O resultado do terceiro teste feito por Jair Bolsonaro que verificou que ele continua contaminado pela covid-19 fará com que o presidente complete o mês de julho em quarentena

Rudolfo Lago

24/07/2020 5h00

O resultado do terceiro teste feito por Jair Bolsonaro que verificou que ele continua contaminado pela covid-19 fará com que o presidente complete o mês de julho em quarentena. O tipo de trabalho realizado por um presidente da República lhe permite atuar na maior parte do tempo em home office. Ele segue fazendo duas reuniões, segue tomando suas decisões, ainda que, de alguma forma, a doença o tenha obrigado a reduzir sua agenda.
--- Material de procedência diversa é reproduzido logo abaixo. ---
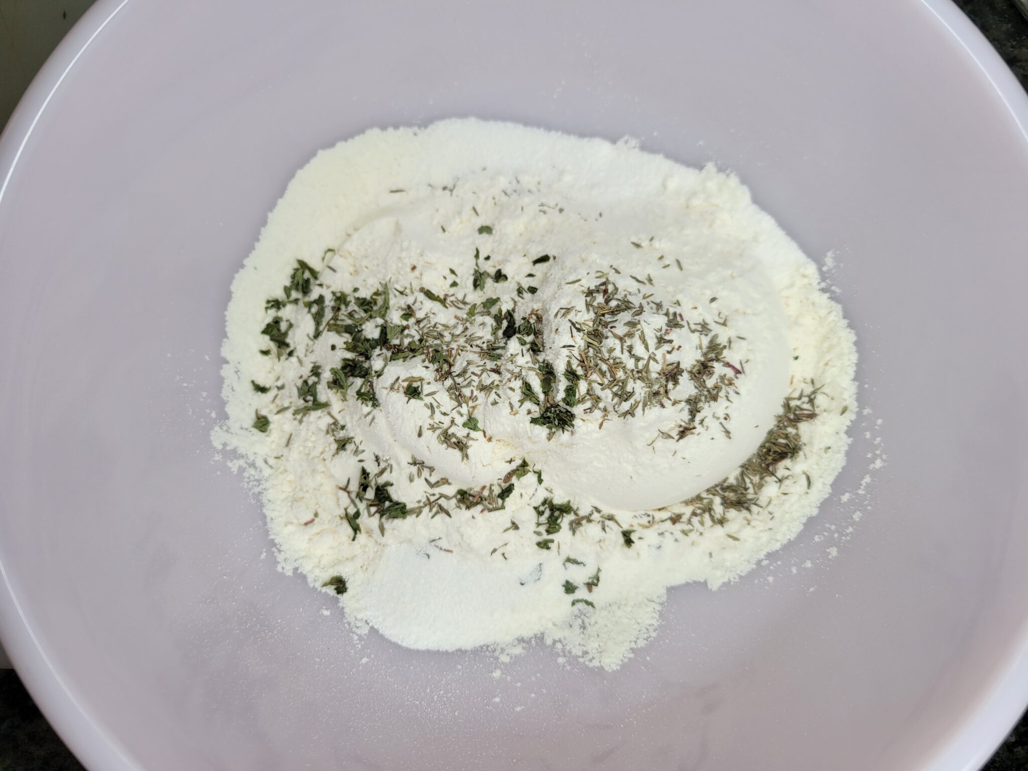 Make the dumplings. In a large bowl, combine 1¾ cups all‑purpose flour, 1 teaspoon salt, ⅛ teaspoon pepper, 2½ teaspoons baking powder, ½ teaspoon dried thyme, and ½ teaspoon dried parsley, and stir to blend.

Digamos, porém, que Bolsonaro fosse um tipo de trabalhar que a pandemia tornou absolutamente fundamental. Digamos que ele fosse um motoboy. Se Bolsonaro fosse um entregador, ele estaria impossibilitado por um mês de exercer o seu ofício. E há diversas outras atividades que são impossíveis em home office: pedreiro, motorista, trocador de ônibus…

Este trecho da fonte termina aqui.